Implementation in similar environmental problems
The results and methods of this study can be implemented in similar environmental problems as follows:
Water Resource Management: Groundwater level predictions can inform the development of comprehensive water management strategies at the regional or watershed level, helping water authorities make informed decisions about water allocation, groundwater extraction limits, and infrastructure planning. Sustainable Agriculture: Farmers and agricultural agencies can utilize groundwater level predictions to optimize irrigation scheduling and water usage, reducing over-extraction and improving water use efficiency. Environmental Impact Assessments: The model outputs can be used to assess the potential impacts of climate change, land use changes, or other environmental factors on groundwater resources, supporting the development of adaptive management strategies and environmental impact assessments.
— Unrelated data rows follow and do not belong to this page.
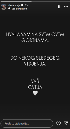 „Hvala vam na svim ovim godinama. Do nekog sledećeg viđanja. Vaš Cvija“, napisao je naa Instagramu.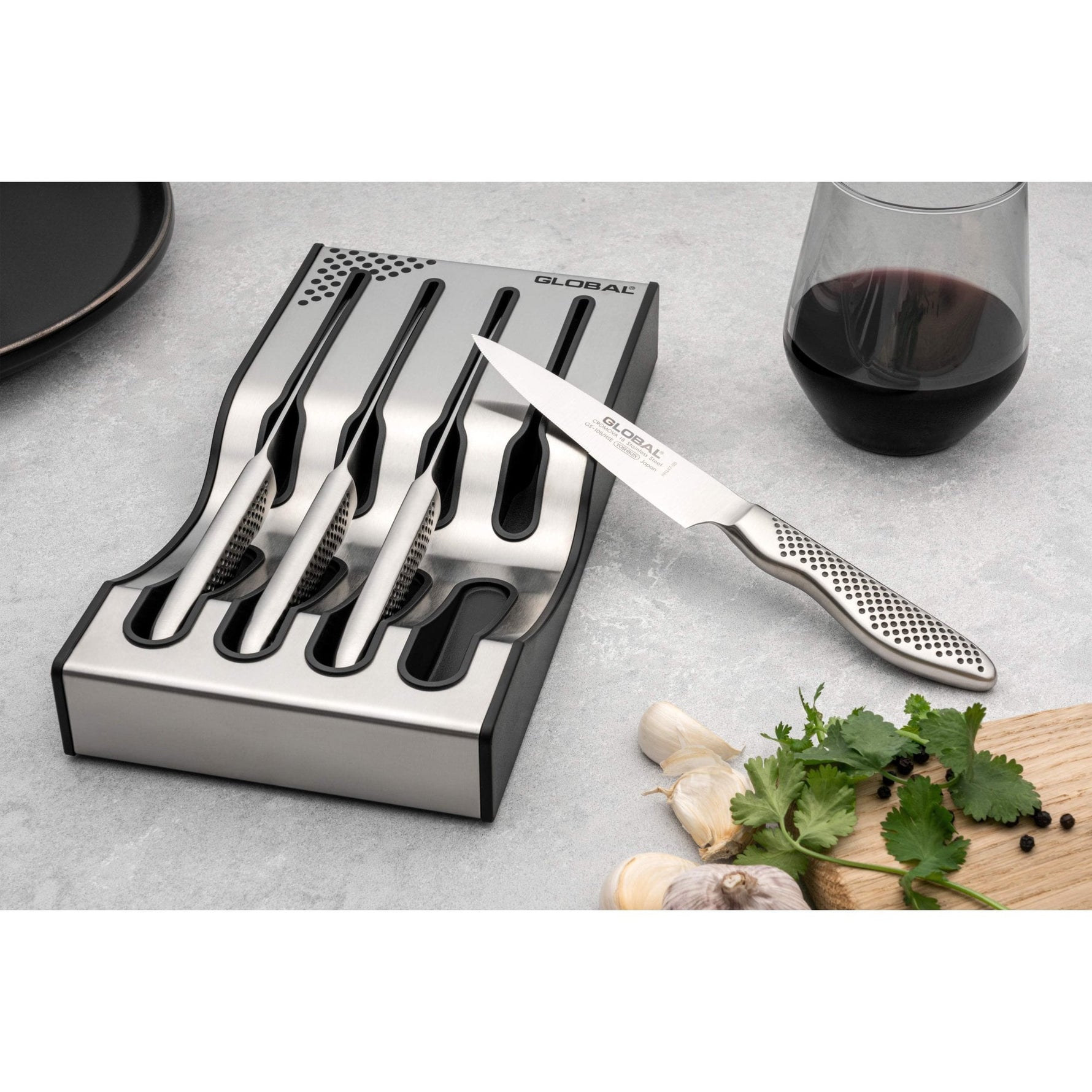 Not only do we have a new storage solution for your Chef’s Knives, but we also have a solution for your cutlery sets too! The ‘Little Essentials’ 4 & 8 piece Docks introduce a luxurious collection of a steak knife and fork sets presented in one of our Global ® Docks. Ideal for in-drawer or counter-top storage. Bring the quality of Global ® to your dinner table!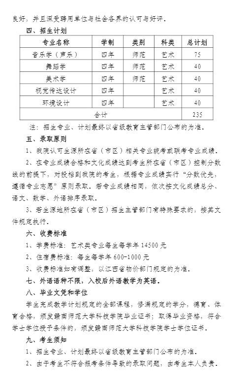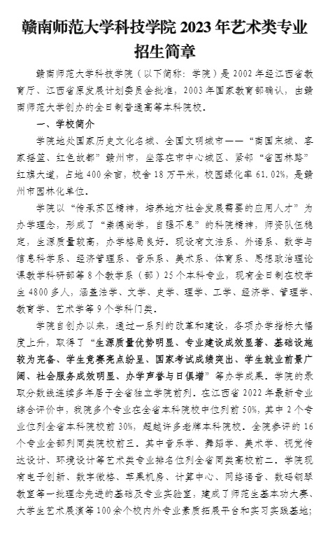贛南師范大學(xué)科技學(xué)院2023年藝術(shù)類專業(yè)招生簡(jiǎn)章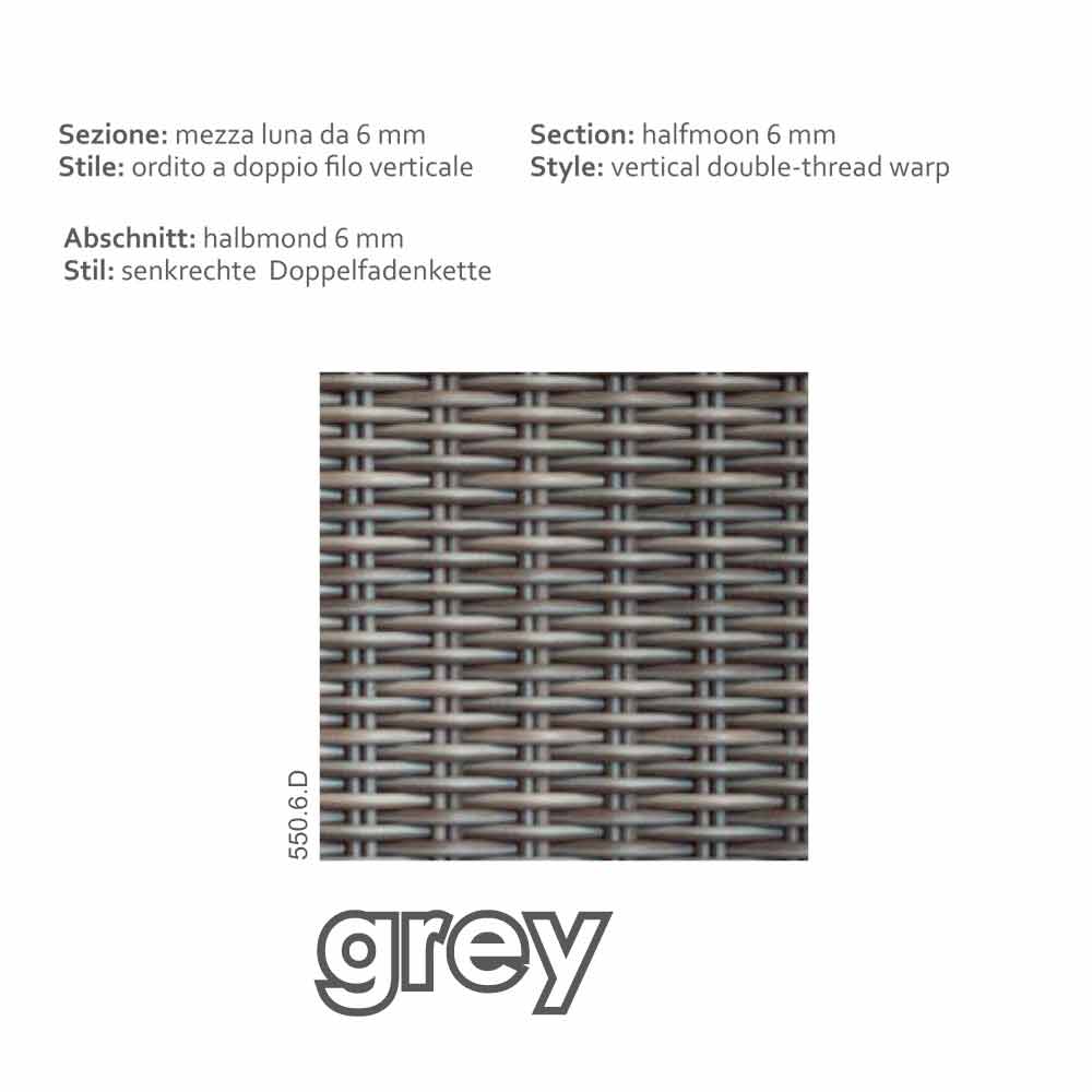 Elsa está constituido por una estructura de aluminio. Su característica principal es el trenzado gris de polietileno half moon de 6 mm que posee su estructura ya que ha sido realizado completamente a mano.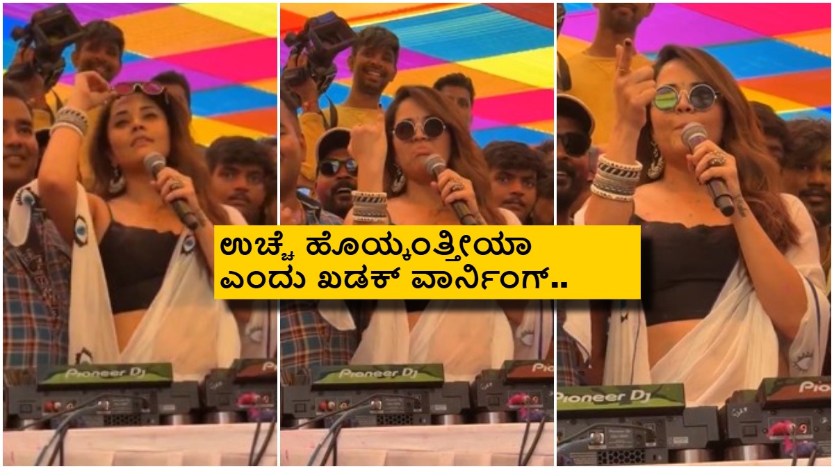 ಇತ್ತೀಚೆಗೆ ಹೈದರಾಬಾದ್ನಲ್ಲಿ ಆಯೋಜಿಸಿದ್ದ ಹೋಳಿ ಸೆಲೆಬ್ರೇಷನ್ ಕಾರ್ಯಕ್ರಮಕ್ಕೆ ಅನಸೂಯ ಭಾರಧ್ವಜ್ ಹಾಜರಾಗಿದ್ದರು. ಬಿಳಿ ಸೀರೆ ಉಟ್ಟು ಹೋಳಿ ಹಚ್ಚಿಕೊಂಡು ಡ್ಯಾನ್ಸ್ ಮಾಡಿ ಸಂಭ್ರಮಿಸಿದ್ದಾರೆ. ಈ ವೇಳೆ ಅನಸೂಯ ವೇದಿಕೆಯಲ್ಲಿದ್ದಾಗ ಎದುರಿನ ಗುಂಪಿನಲ್ಲಿದ್ದ ವ್ಯಕ್ತಿಯೊಬ್ಬ 'ಆಂಟಿ' ಎಂದು ಕೂಗಿದ್ದಾನೆ. ಇದ್ದಕ್ಕಿದಂತೆ ಗರಂ ಆಗಿದ್ದ ಅನಸೂಯ ಧೈರ್ಯ ಇದ್ದರೆ ವೇದಿಕೆ ಮೇಲೆ ಬಾರೋ ಎಂದು ಸವಾಲ್ ಹಾಕಿದ್ದಾರೆ.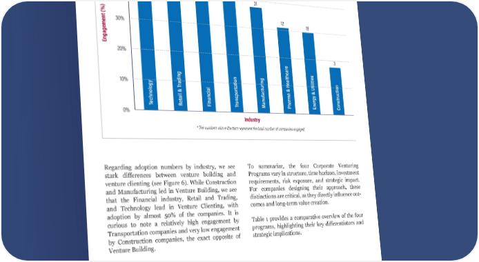 20 Regarding adoption numbers by industry, we see stark differences between venture building and venture clienting (see Figure 6). While Construction and Manufacturing led in Venture Building, we see that the Financial industry, Retail and Trading, and Technology lead in Venture Clienting, with adoption by almost 50% of the companies. It is curious to note a relatively high engagement by Transportation companies and very low engagement by Construction companies, the exact opposite of Venture Building. To summarize, the four Corporate Venturing Programs vary in structure, time horizon, investment requirements, risk exposure, and strategic impact. For companies designing their approach, these distinctions are critical, as they directly influence out- comes and long-term value creation. Table 1 provides a comparative overview of the four programs, highlighting their key differentiators and strategic implications. Figure 6. Forbes 500 Companies’ Engagement with Venture Clienting by Industry* Engagement (%) Industry 50% 20% 30% 40% 10% 0% Technology Retail & Trading Financial Transportation Manufacturing Pharma & Healthcare Energy & Utilities Construction 28 28 6 12 3 31 19 72 * The numbers above the bars represent the total number of companies engaged.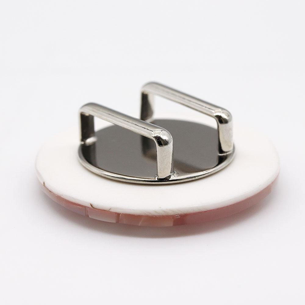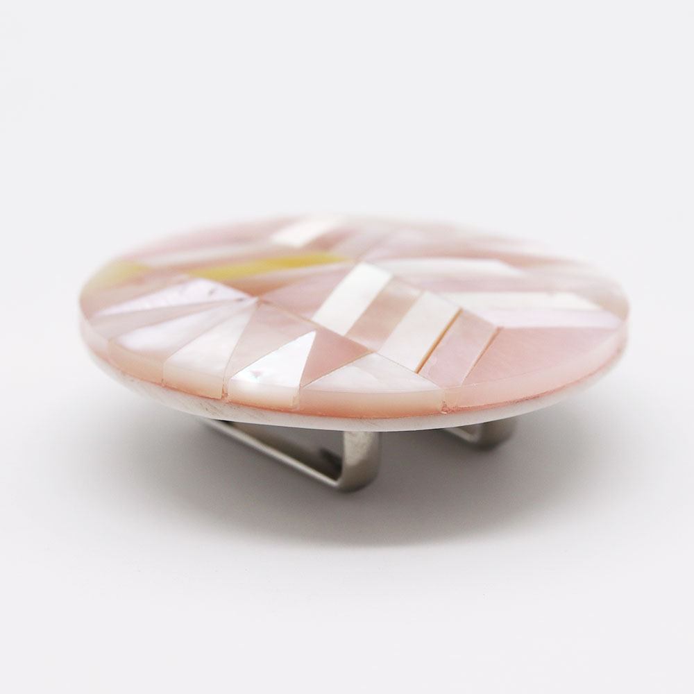 貝を使用し、温もりがあふれるアイテムを創り出す【リオン工芸】による、ラウンド型の貝帯留。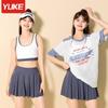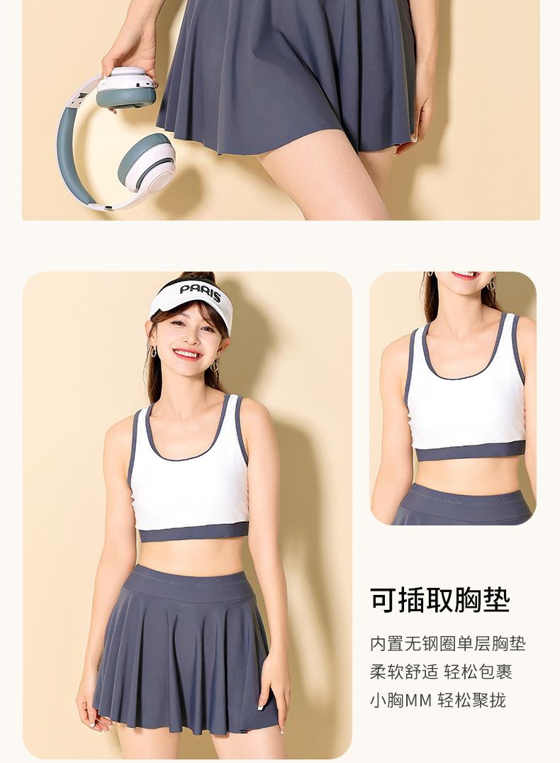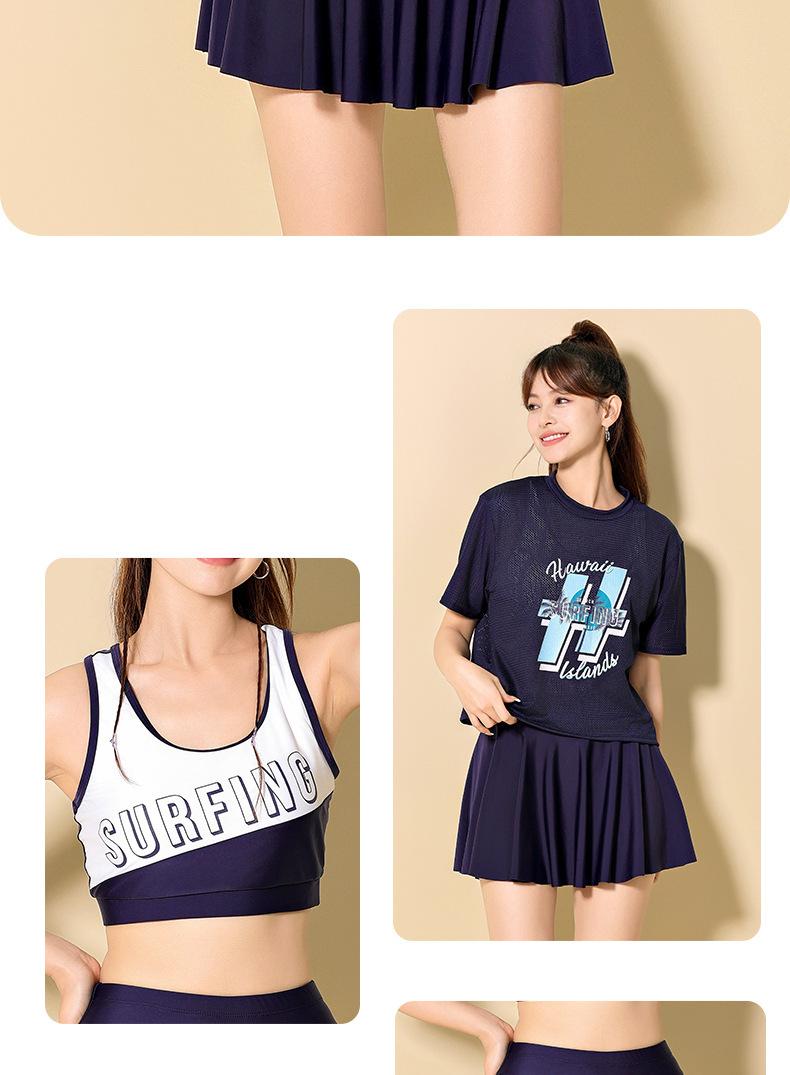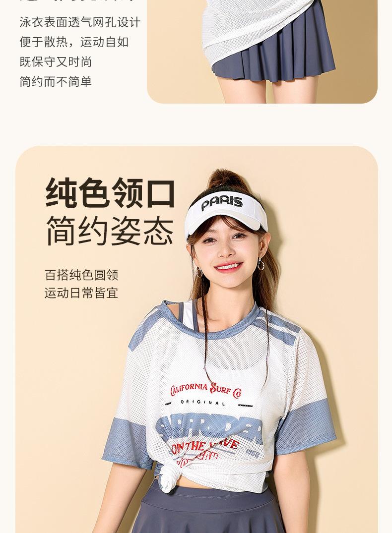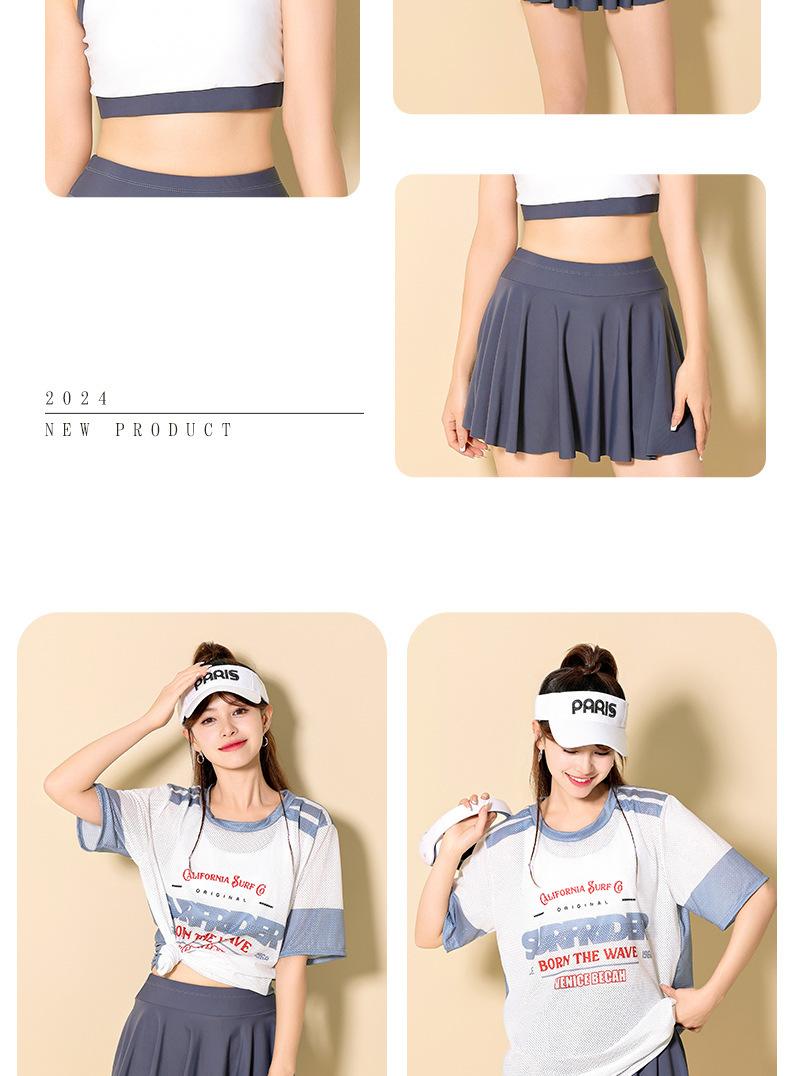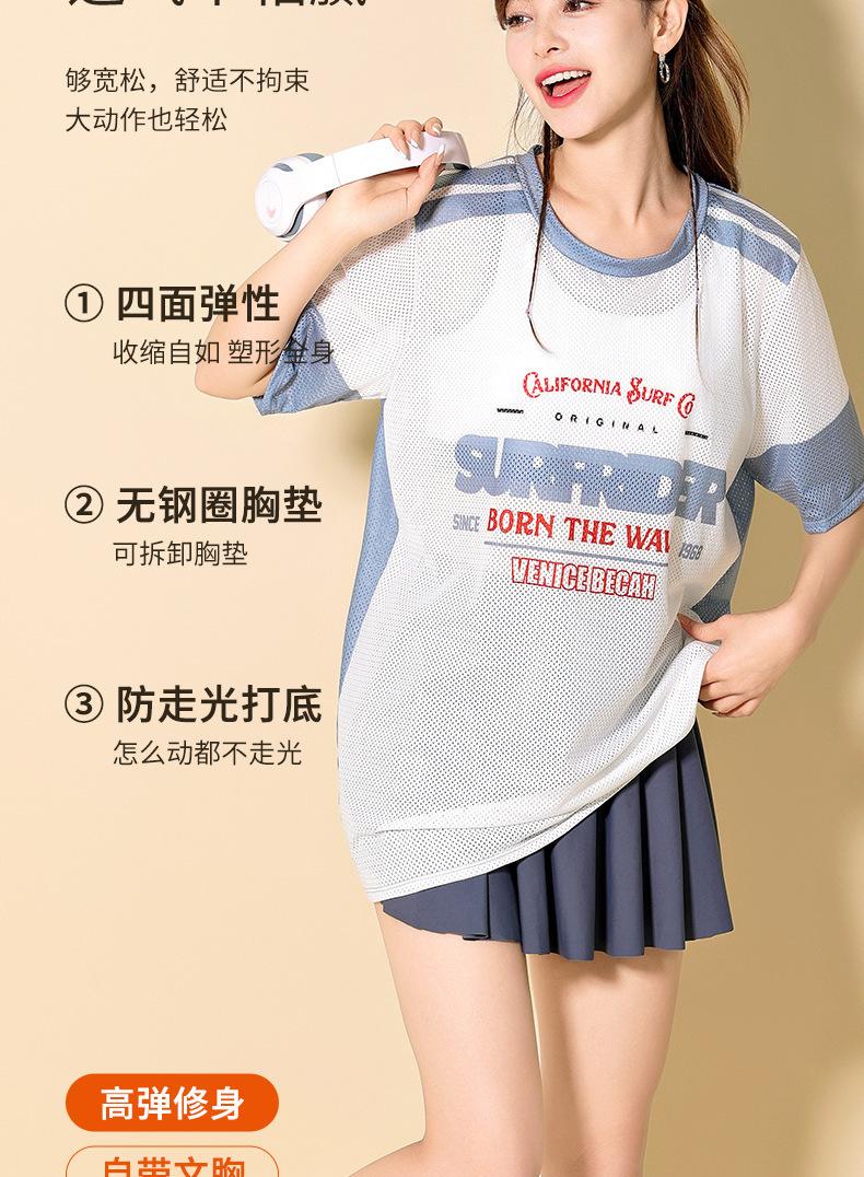 Traje de baño para mujer, estilo conservador, 2024, nuevo, para vacaciones en la playa, de tres piezas, protector solar, blusa de alta calidad que cubre la piel.

In summary, this study provides valuable insights into the application of machine learning models for groundwater level prediction. The findings underscore the importance of precise and comprehensive environmental data and highlight the potential of these models in addressing water resource management and environmental sustainability challenges.
CONFLICT OF INTEREST
The authors declare there is no conflict.
DATA AVAILABILITY STATEMENT
All relevant data are included in the paper or its Supplementary Information.